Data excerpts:
□ □ □ □ □ □ □

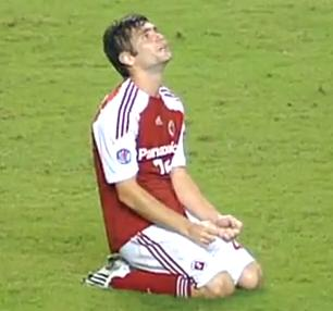 Brazil football player in Hong Kong
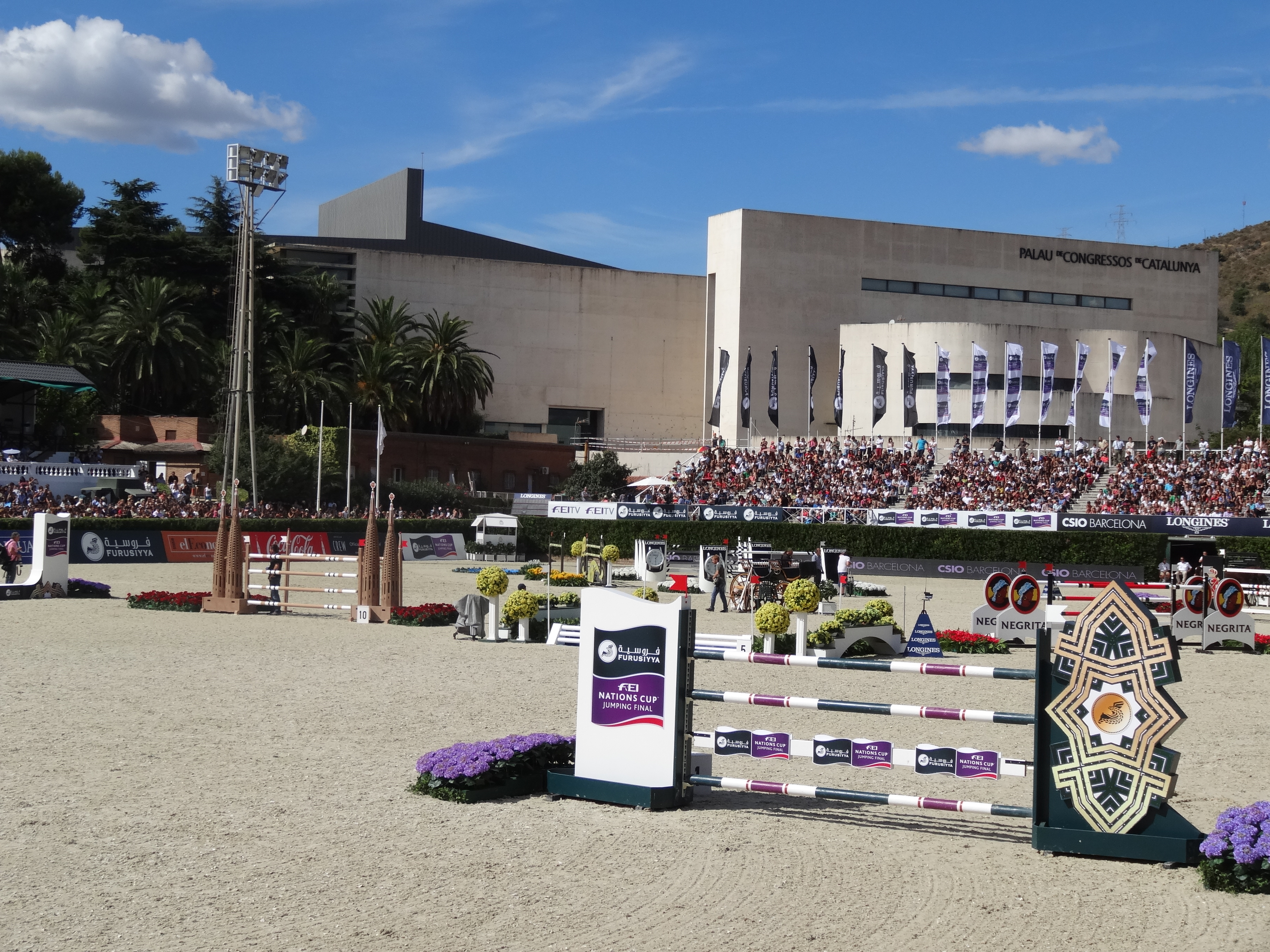 CSIO Barcelona 2013 show jumping event
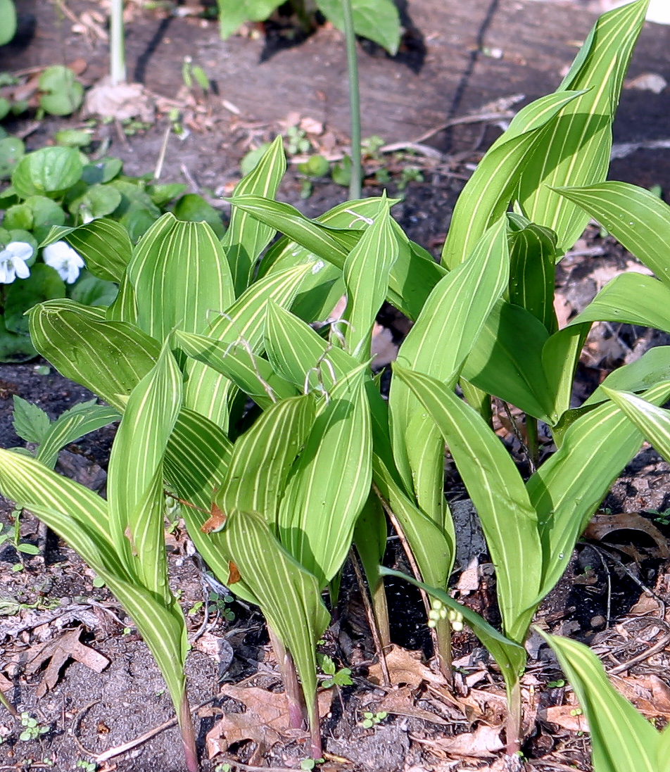 Striped Lily-of-the valley taken early spring of 2007 by Paul Henjum.
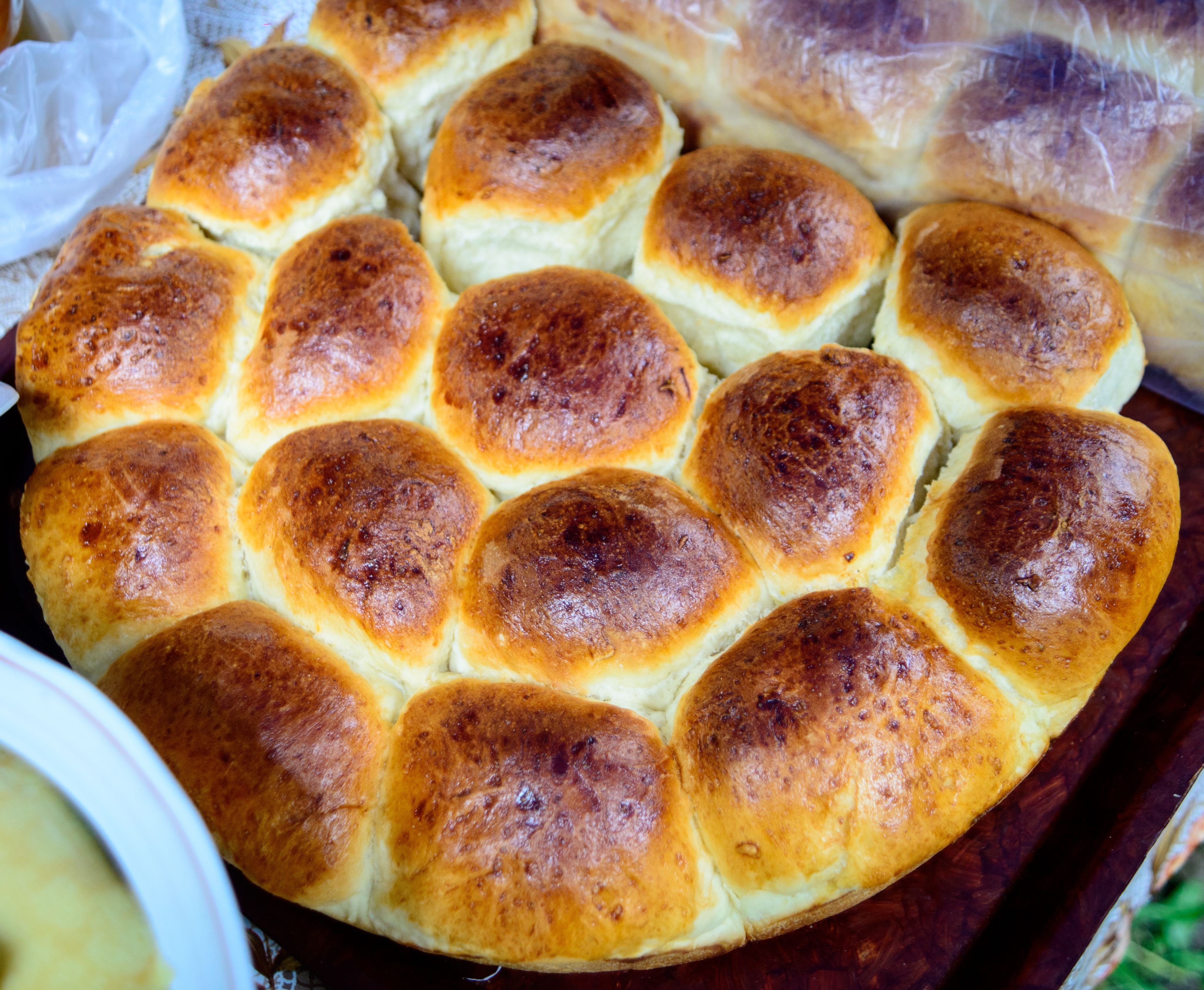 Pies. Wikiexpedition to Fest "Borschyk in clay pot". Poltava region
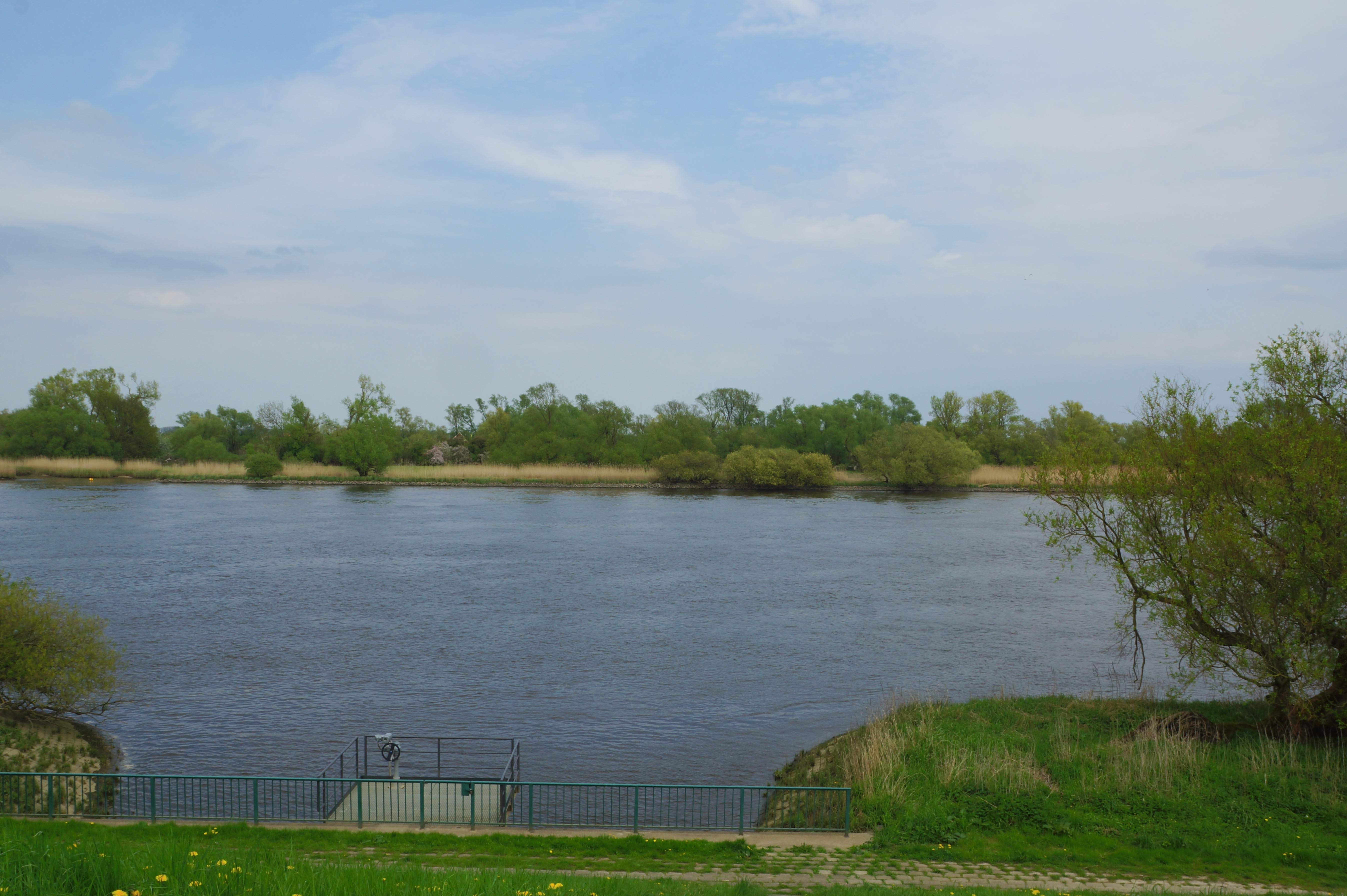 Hamburg (Neuland), Germany: Mouth of the Verbindungsgraben Canal in the river Elbe
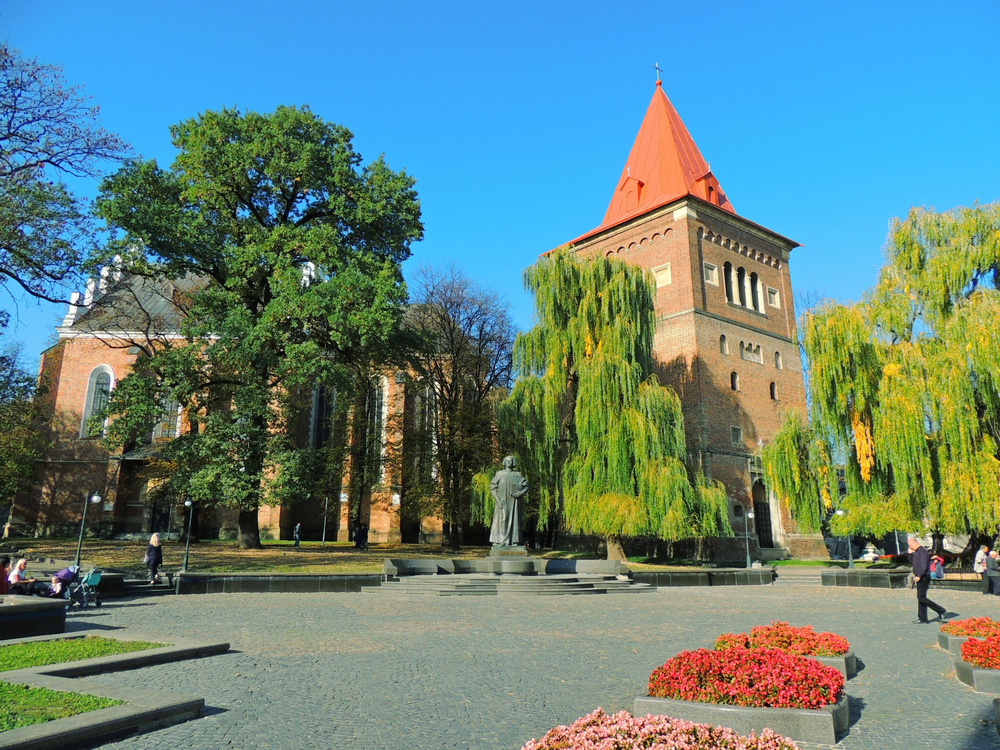 The city centre of Drohobych

□ □ □ □ □ □ □

WORK TASK. Exclude the pictures. Write out the remaining data exactly.

RESPONSE TO THE TASK.
 Brazil football player in Hong Kong
 CSIO Barcelona 2013 show jumping event
 Striped Lily-of-the valley taken early spring of 2007 by Paul Henjum.
 Pies. Wikiexpedition to Fest "Borschyk in clay pot". Poltava region
 Hamburg (Neuland), Germany: Mouth of the Verbindungsgraben Canal in the river Elbe
 The city centre of Drohobych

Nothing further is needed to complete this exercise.